Randomized kernel addresses are good for this too because bugs do happen. If it was ever possible to copy data into the kernel through a buggy write() call, for example, and then trick the kernel into using that memory as a structure of some kind with a function pointer, randomized addresses would make that a lot harder. And the attack probably only gets one try, because getting a bad address would crash the system.
What about Ada?
allanregistos,
Interestingly this seems to apply to other languages as well, they often are safer but the industry support for them is so poor that it becomes a pretty big disadvantage.
Most of us know C’s safety record is atrocious, but its preexisting codebase is so enormous that changing it is unpalatable, kind of like a “too big to fail” situation with software.
The main reason they ignore “the problem” is that they are C programmers with deep knowledge of UNIX and very good ones at that. They don’t want to throw it away and start building something in Rust today only to be told next year to switch to Mildew++.
They took 44BSD(something that worked) and slowly turned it into a more reliable system that still does everything you need. They keep innovating and making the system better and better – they call it “polishing a turd”.
Every once in a while, Silicon Valley kids come, create a new language, build a secure micro kernel that can do nothing, argue about it for a year or two and then their ADHD leads them to greener pastures after it becomes a maintenance nightmare that no amount of stimulants can fix.

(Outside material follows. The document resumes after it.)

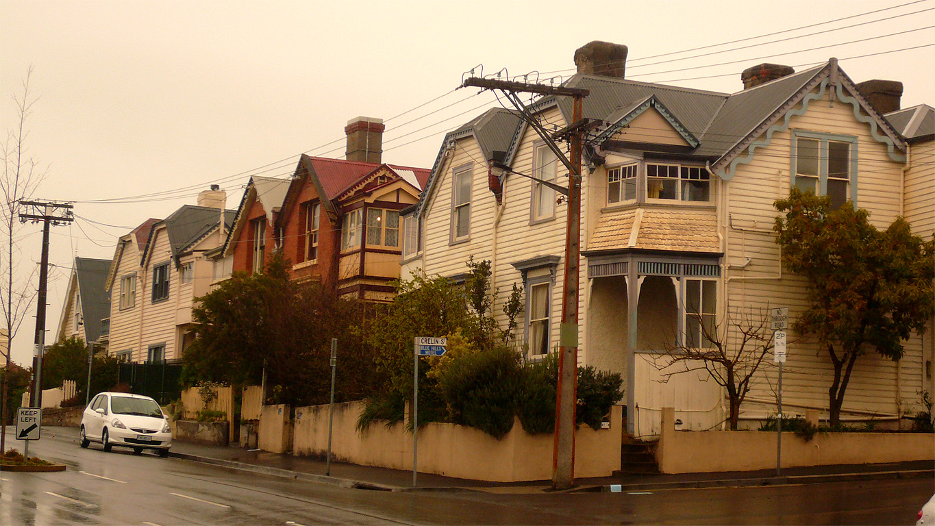 Houses in Battery Point, Australia. Corner of St Georges Terrace and Crelin Street. The two conjoined houses, 60/62 St Georges Terrace at the corner, and 56/58 behind it, are listed on the Tasmanian Heritage Register.
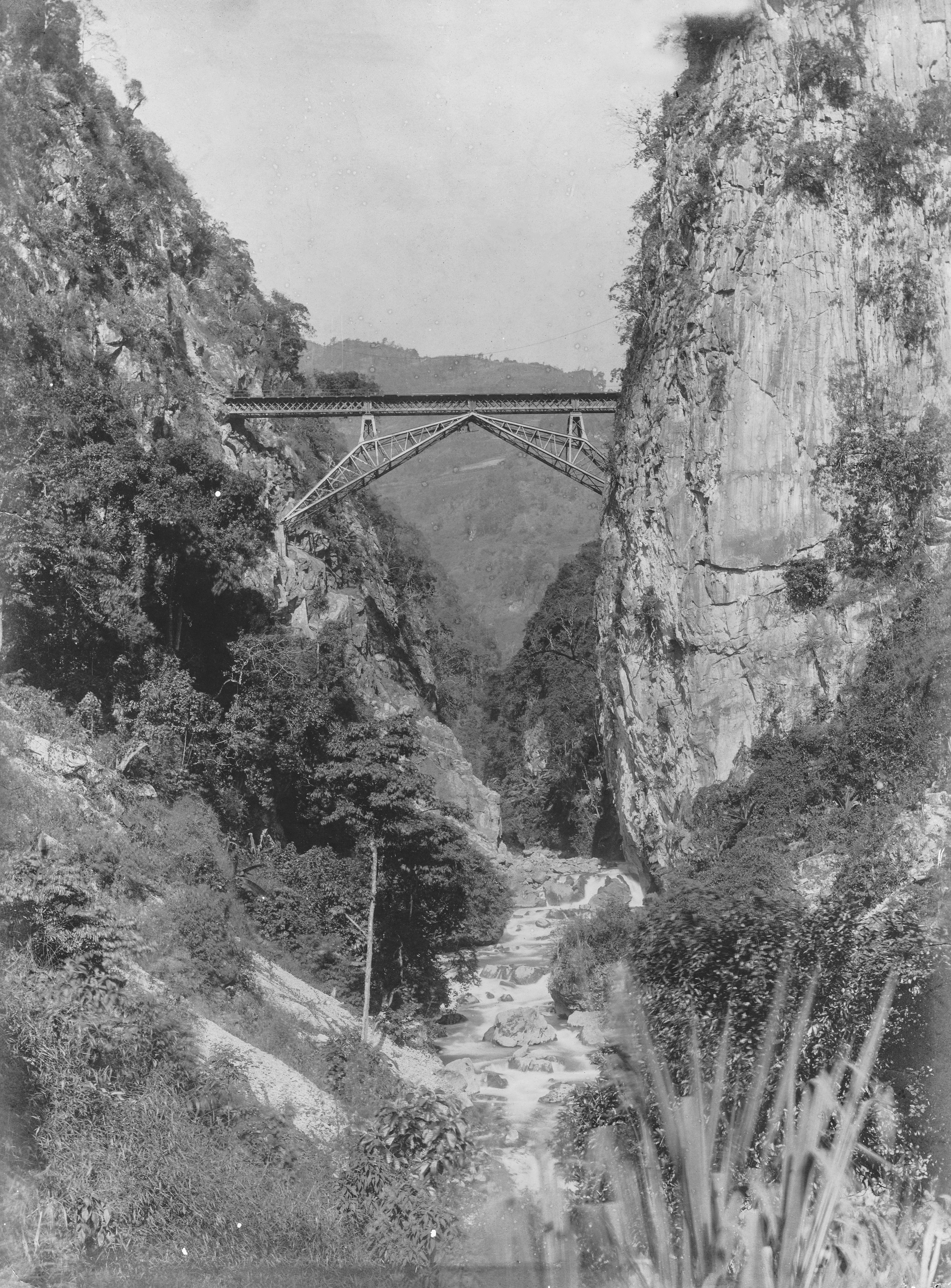 Namiti Bridge, on the Kunming-Hekou Railway, Yunnan, China. The bridge is also known as Wujiazhai Bridge, after a nearby town. It is located in North Wantang Township of Pingbian County, between Boduqing and Luogu stations.

The real value is in mature systems. Windows, Linux, macOS. Not some toy project.
Of course, then the problem you run into is that you get Byzantine security features designed by a corporate committee of pointy heads attached to a patchwork of legacy code that originally followed toy project standards.
OpenBSD makes security easy and fortunately some of it leaks to mainstream OSs. Rewriting all your legacy code in Rust is not easy. Having to negotiate with your OS so that it allows you to write a file or else just disable everything and broadcast its contents to the Internet is not easy.
sakeniwefu,
Popularity is what determines if it’s a toy or not (just think how DOS was arguably a “toy” – many years behind alternatives, yet the PC bundling made it the most popular business platform). Many of us who have worked on these kernels do see the technical problems and we acknowledge they can be done better, however it’s extremely difficult to match the resources of incumbent technologies, which impedes merit based advancement for alternatives.
The difficultly does not lie in developing better operating systems since we have the benefit of hindsight. The difficulty lies in overcoming this catch-22 where operating systems have more resources because they are more popular and operating systems are more popular because they have more resources.
I’ll concede, switching from C is an uphill battle. If C was starting at the same starting line as modern languages, then it would undoubtedly loose in favor of those that don’t have it’s share of problems. However in reality C doesn’t start at the starting line, it starts near the finish line and consequently wins a lot of races despite having all of it’s problems.